‘Godfather of AI’ resigns from Google with worries about artificial intelligence

Artificial intelligence - Google - I Quit

Nobel Prize of computing-winner Geoffrey Hinton expressed fear and regret over his work in AI.

One of the “Godfathers of AI,” Geoffrey Hinton, has quit his job at Google in order to be able to speak openly about his concerns over the risks of artificial intelligence.

Hinton won the Turing Award in 2018 with two other people for work leading to today’s AI.

After having spent much of his life developing the foundational technology that has brought about the current artificial intelligence boom, Hinton has left his Google job so that he can now talk about the regrets he has over his life’s work and the risks he associates with it, according to a recent report in The Verge.

Artificial intelligence - Worry

“I console myself with the normal excuse: If I hadn’t done it, somebody else would have,” said 75-year-old Hinton, who has worked for Google for more than ten years. “It is hard to see how you can prevent the bad actors from using it for bad things.”

Hinton submitted resignation to Google as the company was releasing its artificial intelligence chatbot.

Hinton’s notification of resignation from Google occurred last month.

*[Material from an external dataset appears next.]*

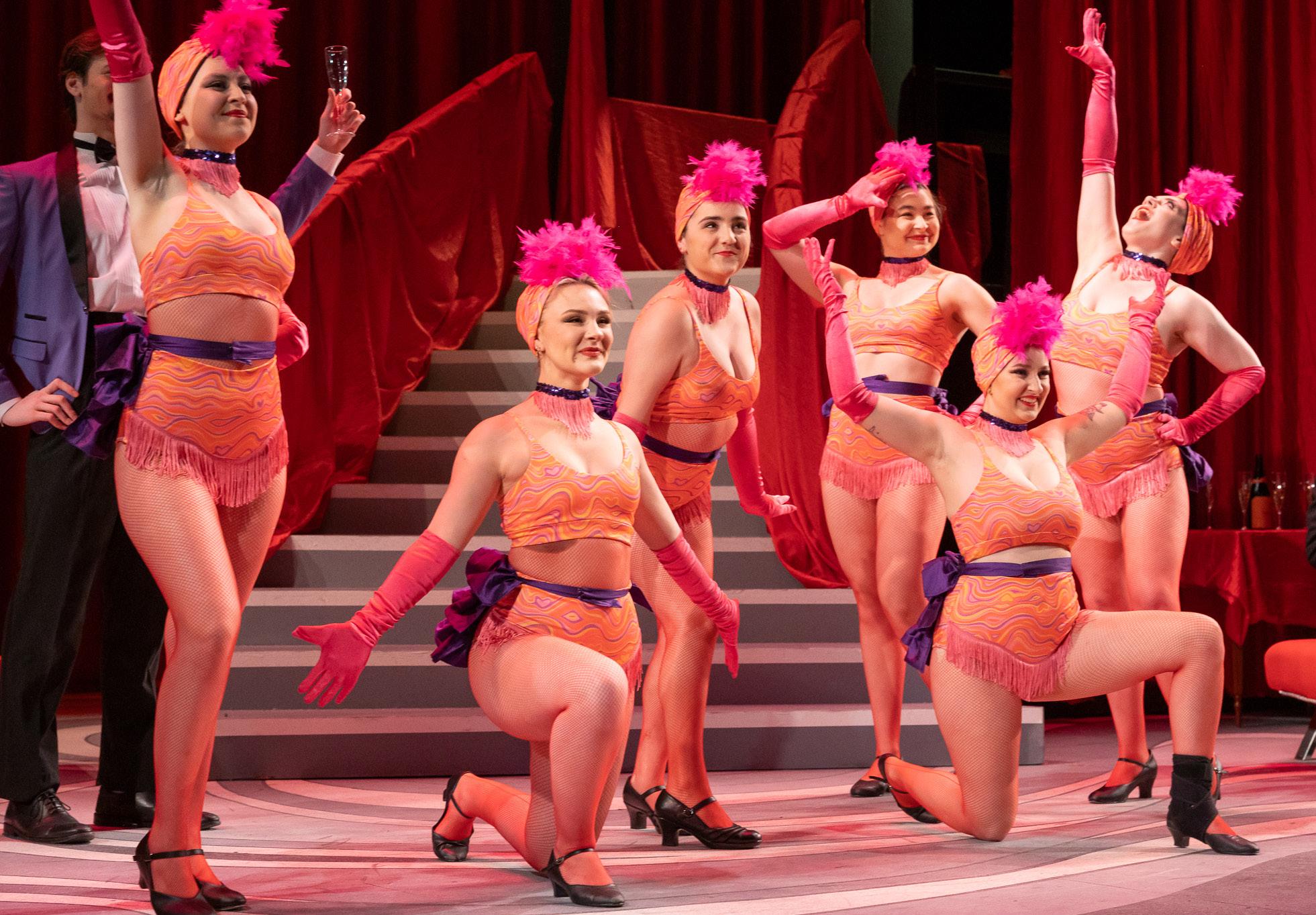 After the first act, the performers come out sporting a delightful costuming coup—gone are the gaudy ball gowns and on with the Jackie Kennedy-esque, short, A-line dresses and matching hats.

He reportedly spoke directly to CEO Sundar Pichai, according to media reports. That said, specifics of that conversation were not revealed.

He originally joined Google when the tech giant acquired a company Hinton and two of his students had started. One of those two students continued onward to become a chief scientist at OpenAI. Hinton and those two students had created a neural network able to teach itself to identify common objects such as flowers, cats and dogs, following an analysis of thousands of images. It was this work that laid the foundation for the development of ChatGPT and Google Bard.

In an interview with the New York Times, Hinton was reportedly satisfied with the way Google was handling artificial intelligence technology until Microsoft announced that it was launching Bing with OpenAI integration. This challenged the heart of Google’s business and caused the company to launch an urgent response with its own AI.

Hinton cautioned that this aggressive competition might be unstoppable, filling the world with a glut of fake images and text, to the point that nobody will know “what’s true anymore.”